Thursday, June 24, 2010

Dig We Must

The skill of writing is to create a context in which other people can think.

Edwin Schlossberg
Anyone who is looking for quick and easy answers to the paradox of life is in for a shock. Look to a favorite book to tell you what to think and you're looking for trouble. Among the philosophers that I enjoy reading are Nietzsche, Hegel and Heidegger. Those are men with strong opinions strongly and clearly stated. What's difficult is following the thinking processes that brought them to their opinions. Nietzsche stated that the purpose of philosophy is not to tell you what to think but to get youto think for yourself. A good philosophy teacher would point out the observations, logic and finger posts of a philosophers thought and ask if there is a fault line running through it. He would ask if you agree or disagree, and if so, in either case, why?

It isn't necessary for everyone in the world to be a philosopher or even a reader of philosophy as I am (a nutcase if there ever was one). But it is necessary for people to think. I've written about this topic so often that I'm bored with it, as you also probably are. I have a quote here someplace that I might use someday which says that the reason people get lost in thought is because it's unfamiliar territory.

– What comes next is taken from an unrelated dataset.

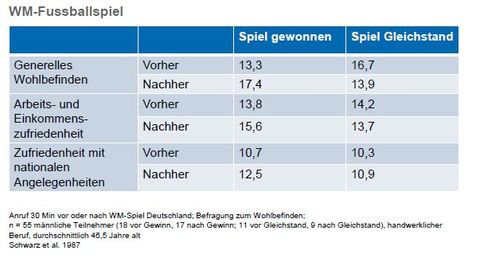 | Beurteilung der subjektiven Einschätzung | Zsmnhang von Lebenszufriedenheit heute und vor 14 Tagen lediglich Korrelation von 0,59 (Kahnemann und Tversky) -Durch Modifizierung der Umfragemethodik können Stimmungsabhängigkeiten minimiert werden -Ausfüllen anonymer Fragebögen vermeidet Beeinflussung durch interviewer u erhöht Ws, ehrlich Antwort zu erhalten |

The sad thing is that there is no result of honest applied thought available on most of our TV and radio programs, from news reporters, politicians and preachers, tal;k show hosts. No one is entertained by mindfulness.

Great music is a glamorized experience of original deep thinking. Listen carefully and find your way through Debussy's La Mer, You can't do it on one hearing. Only a genius can do that.

Why is thinking like digging in the back yard? Because you might be surprised at what you find there. Carefully study Da Vinci's Last Supper. Forget for a time it's religious significations and look through it with an open mind. Can you find the knife?

Read any Shakespearian play. The story, the characters and Shakespeare's own amazing intellect are so completely bound harmoniously together that it is easy to miss the profound wisdom as it flashes by.

My life changed considerably one day when I discovered that not only was I opinionated but that there was so little thought that supported my opinions. Facts are one thing, ideas are something else. Most people want to just deal in facts and leave the ideas alone. "Just the facts, ma'am." They want to know the what and the how but not the why.

The amazing thing is that there is an infinitetude of ideas, music, poetry, art, inventions, systems, philosophies, programs and solutions still existing in the mind waiting to be discovered. Writers write to lead us, through the inadequacy of words, to the places where those discoveries can be made. A good writer provides the back yard and the shovel.

DB - The Vagabond
(This is not a contest.)

Who are the 2 (two) most important people alive today? Why?

3 responses so far.

Thank you.


Valerie said...

I love these lines:
"Writers write to lead us, through the inadequacy of words, to the places where those discoveries can be made. A good writer provides the back yard and the shovel." True, true. Love, Val xox

Big Mark 243 said...

I am going to have to disagree with you regarding what you said about 'the facts'. I think that Joe Friday's logic was not unlike that of a zen master.

The facts are the guides to help negotiate the space. You find more than the answer as you work through to the conclusion and your body of knowledge increases. Having amassed so much knowledge, the recognition that something exists in the falling of an apple is what lets a master see what is in the nothingness.

Bucko (a.k.a., Ken) said...

Ideas are wonderous, big things, which need nothing more than a thought. However, facts are what ground us. We need both, but I am more of a factual person.